Here is an October 1960 article about the closing of the theater:

rivest266 on January 31, 2010 at 3:17 pm

This opened on December 24th, 1921. Six-page ad section in the paper can be seen at View link

Mike Rogers
Mike Rogers on November 11, 2010 at 9:09 pm

“BEDNOBS AND BROOMSTICKS” had a successful run in a theatre that played a lot of DISNEY Films.

spectrum on November 25, 2010 at 5:57 pm

Looks like it has a new roof.

ksteinhoff on December 18, 2011 at 12:16 pm

I managed to get inside the Broadway 12/16/2011. I was blown away that it’s in relatively good shape. A guy is going to open a small shop in the lobby, but the owner implied that there may be something in the works for when the 18-month lease runs out.

Here are photos of the public areas. I’m posting photos of the backstage and basement areas the next day.

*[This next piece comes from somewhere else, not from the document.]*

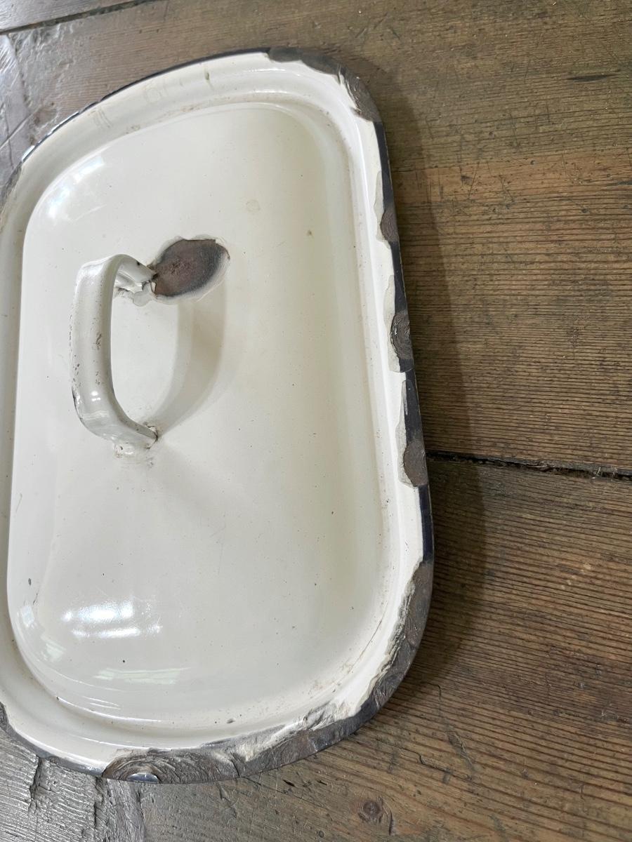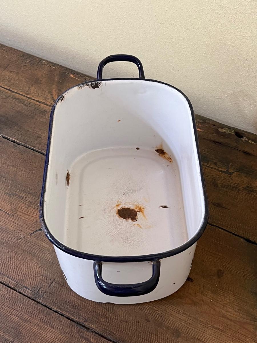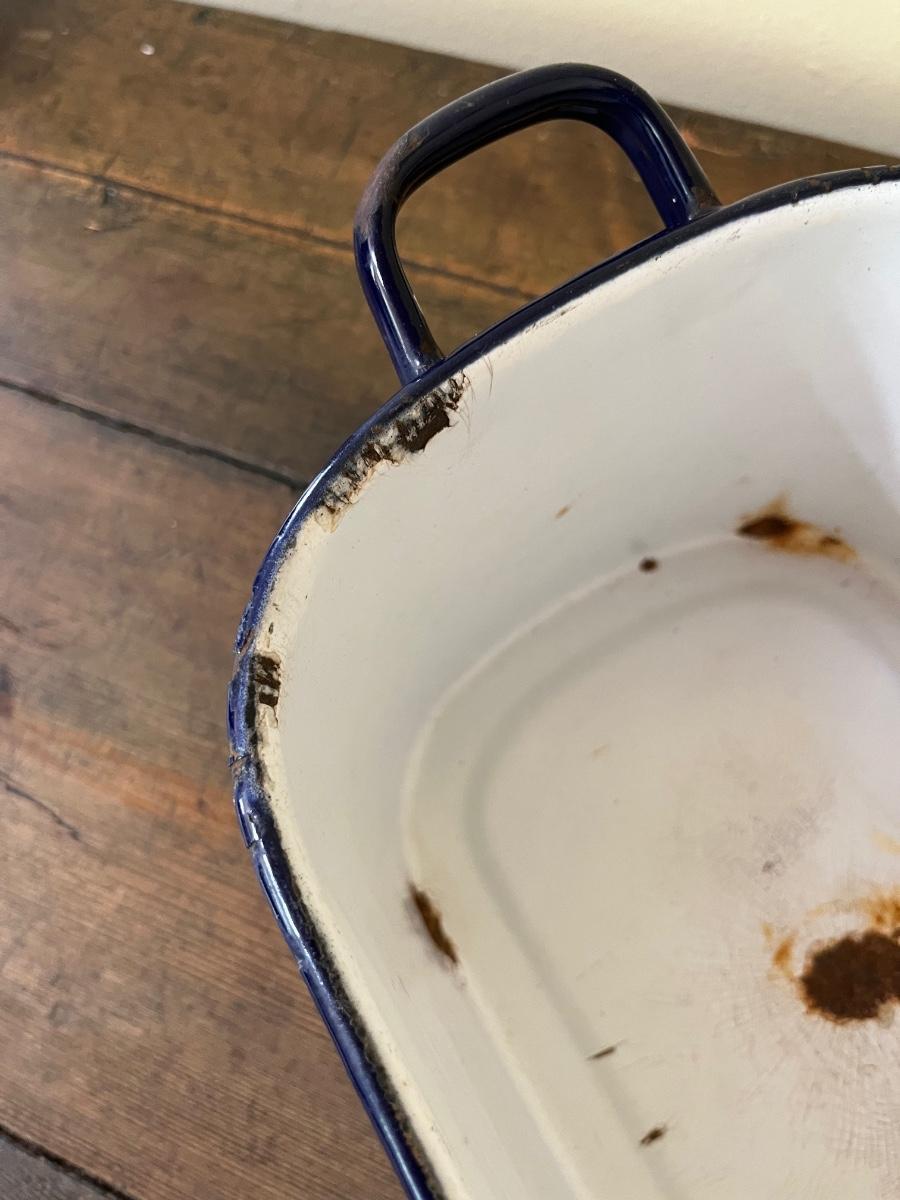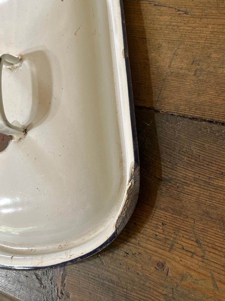 Enamel ~ Blue/White ~ Rectangle Lidded Pot~ *Read Details
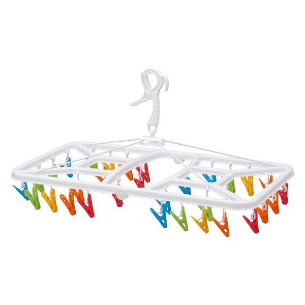 - 【商品説明】ベランダの限られたスペースでもコンパクトに収まる洗濯ハンガー 丈夫なビッグフレーム ピンチが絡みにくく、扱いやすいワイヤータイプ フックがキャッチ式なので風が強い日も安心【仕様】●32ピンチ ●使用時サイズ:約幅63.2×奥行34.5×高34cm ●収納時サイズ:約幅32.5×奥行6×高34.5cm ●重量:約470g ●材質:ポリプロピレン、鋼線、スチール

The Esquire, across the street, is being renovated, too. I’d love to see those two properties restored. It would change the complexion of that whole area.

Joe Vogel
Joe Vogel on April 1, 2012 at 2:48 pm

Here is a a quick link to the photo page ksteinhoff posted. They show that the Vitrolite front has been removed, exposing the original brick facade of 1921. The Vitrolite front was probably of 1930s vintage, though perhaps 1940s, indicating a remodeling sometime during one of those decades.

At David and Noelle’s list of known Boller Brothers theaters, the entry for the Broadway has the notation “cooling only,” so the Bollers did not design the theater. As David and Noelle don’t mention any other work the Bollers did on the house, they probably didn’t design that later Vitrolite front, either.

One of ksteinhoff’s photos show the balcony soffit, and shows a column supporting the balcony. That’s rather surprising in a theater built in 1921, as by then most architects and engineers knew how to cantilever a balcony.

The Broadway Theatre was probably the project in this item from the May 21, 1921, issue of The American Contractor:

“Theatre (M. P. & vaudeville): $80,000.

“1 sty. & bas. balcony. 60 ft. front, 60x163. Cape Girardeau, Mo. Engr. C. A. Koerner Engr. Co.. Odd Fellows bldg.. St. Louis. Owner Company Composed of C. O. Hobbs, member, Cape Girardeau. Brk. frpf., brk. re. cone. Owner builds. C. W. Boutin will supt. const, on site. Owner taking bids on sep. contracts.”

As the item names only an engineer, and not an architect, I would imagine that the interiors were designed by the decorators, which the opening day ad section of the loacl newspaper Mike Rivest linked to earlier says was Blore Brothers of Cape Girardeau. The Engineer, C. A. Koerner, apparently moved his company to Louisville, as the only other reference to him I can find on the Internet places the company there in 1924, when they acted as general contractors on the Kosair Temple.

Joe Vogel
Joe Vogel on December 29, 2014 at 6:47 pm

The Broadway was a Fox Midwest house in 1938, when it was (at least partly) reseated. A photo, which doesn’t show much more than some seats and the aisle carpet (top of this page) was published in >Boxoffice of January 7, 1939. As the caption says there were 875 new American Bodiform chairs, if the capacity we have listed is correct then only the main floor must have been reseated at that time.

EsseXploreR on September 4, 2023 at 11:11 am

This theater, along with the Esquire across the street, has been almost completely gutted. All that remains are the organ chambers and the stage decoration.